Я родился в 1929 году, в избе. Настоящая крестьянская изба, которая находилась на 1-й Мещанской, теперешний проспект Мира. Там тогда много было изб, впрочем вполне комфортабельных. Мой отец как раз написал популярную пьесу, которая помешала его хорошо знать, потому что чаще всего люди помнят только его “Бронепоезд 14–69”. И по тем временам заработал довольно большие деньги. Настолько большие, что мог купить избу, и в эту избу въехал с новорожденным сыном, то есть мною, и вообще со всем другим семейством. У мамы уже было двое детей. Мою сестру Таню она родила в 1919 году – в первом очень раннем и скоро распавшемся браке. А мой брат Миша, старше меня на три года, был результатом маминого кратковременного романа с Бабелем.

Мама была очень красивая и в юности была актрисой театра Мейерхольда. По-видимому, и Мейерхольд так думал.

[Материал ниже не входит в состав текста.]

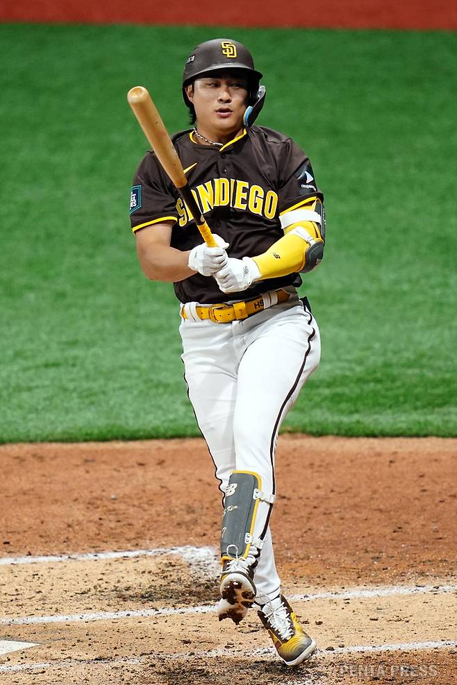 득점 없이 팽팽한 경기가 이어졌고 샌디에이고가 1점 앞선 상황, 9회 노시환의 안타에 이어 문보경이 볼넷으로 출루에 성공했다.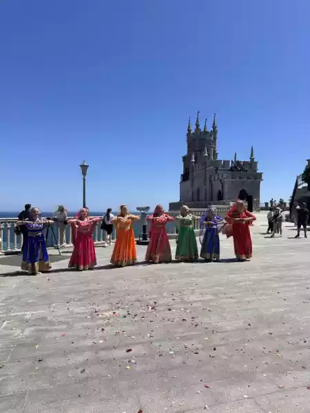 Образцовый ансамбль танца народов Востока «Нартаки» и коллектив «Роксолана» филиала № 4 Кореизского поселкового клуба МБУК «ЯЦКС» - руководитель коллектива Светлана Тихонец (Рошан), заведующая Ирина Сенич, театр индийского танца «Лакшми Лила» из г. Севастополь, феодосийский коллектив индийского танца «Арти Бхарат Джан» подарили многочисленным посетителям самой известной достопримечательности Крыма красочный праздник.

Это не очень понравилось Зинаиде Райх, когда она стала женой Мейерхольда и он ее взял как главную актрису. Об этом смешно рассказывал Шкловский, что Всеволод Эмильевич не мог простить ему статью… что-то вроде “Девяносто процентов Райх в театре Мейерхольда”. Так или иначе, мама ушла из театра.

Насколько действительно со стороны Мейерхольда был какой-то не только театральный к ней интерес – не знаю. Но мама всегда обожала Мейерхольда как режиссера и учителя. Она была его студенткой в таком интересном заведении, которое называлось ГВЫРМ – Государственные высшие режиссерские мастерские. Эти мастерские Мейерхольд создал в 1921 году при своем осенью этого же года прекратившем существование Театре РСФСР 1-м. Но летом успели набрать курс, и мама оказалась в хорошей компании. Вместе с ней учился Эйзенштейн, который был тогда ассистентом Мейерхольда, и Юткевич. Ходить по Москве двадцатых годов вечерами было очень опасно, и она вспоминала, что они всегда возвращались маленькой группой – она, Юткевич и Эйзенштейн.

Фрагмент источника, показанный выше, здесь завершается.